One range is to be output from the listing below, exactly as written: the line with "- CHESS GAME" to the line with "In Roman sites, though", both kept.

═══ Exercise material ═══

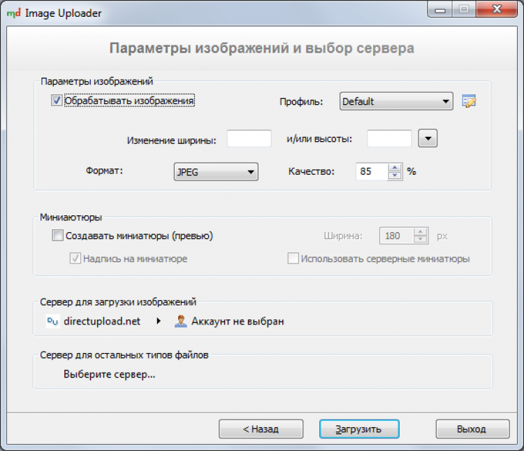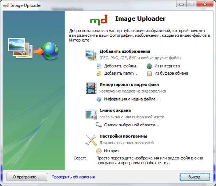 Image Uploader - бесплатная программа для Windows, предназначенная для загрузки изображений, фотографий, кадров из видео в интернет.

═══
═══ Exercise material ═══

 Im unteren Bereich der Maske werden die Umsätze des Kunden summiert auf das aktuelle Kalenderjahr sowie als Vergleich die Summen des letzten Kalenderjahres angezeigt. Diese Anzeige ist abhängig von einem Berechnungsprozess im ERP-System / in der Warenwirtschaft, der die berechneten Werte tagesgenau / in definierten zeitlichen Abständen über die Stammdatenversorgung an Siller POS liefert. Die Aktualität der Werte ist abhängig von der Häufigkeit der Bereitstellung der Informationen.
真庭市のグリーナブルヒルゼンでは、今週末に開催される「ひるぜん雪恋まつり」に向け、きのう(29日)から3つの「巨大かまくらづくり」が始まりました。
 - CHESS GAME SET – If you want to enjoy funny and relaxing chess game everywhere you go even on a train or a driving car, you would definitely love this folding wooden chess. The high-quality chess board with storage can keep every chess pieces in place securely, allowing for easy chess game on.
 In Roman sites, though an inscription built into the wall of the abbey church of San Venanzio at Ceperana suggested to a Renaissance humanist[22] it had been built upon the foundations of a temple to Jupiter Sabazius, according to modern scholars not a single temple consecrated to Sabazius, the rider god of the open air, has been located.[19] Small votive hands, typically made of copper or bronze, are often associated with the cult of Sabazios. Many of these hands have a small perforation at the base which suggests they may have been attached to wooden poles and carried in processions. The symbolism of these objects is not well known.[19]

═══

• _Output of the exercise_:
 - CHESS GAME SET – If you want to enjoy funny and relaxing chess game everywhere you go even on a train or a driving car, you would definitely love this folding wooden chess. The high-quality chess board with storage can keep every chess pieces in place securely, allowing for easy chess game on.
 In Roman sites, though an inscription built into the wall of the abbey church of San Venanzio at Ceperana suggested to a Renaissance humanist[22] it had been built upon the foundations of a temple to Jupiter Sabazius, according to modern scholars not a single temple consecrated to Sabazius, the rider god of the open air, has been located.[19] Small votive hands, typically made of copper or bronze, are often associated with the cult of Sabazios. Many of these hands have a small perforation at the base which suggests they may have been attached to wooden poles and carried in processions. The symbolism of these objects is not well known.[19]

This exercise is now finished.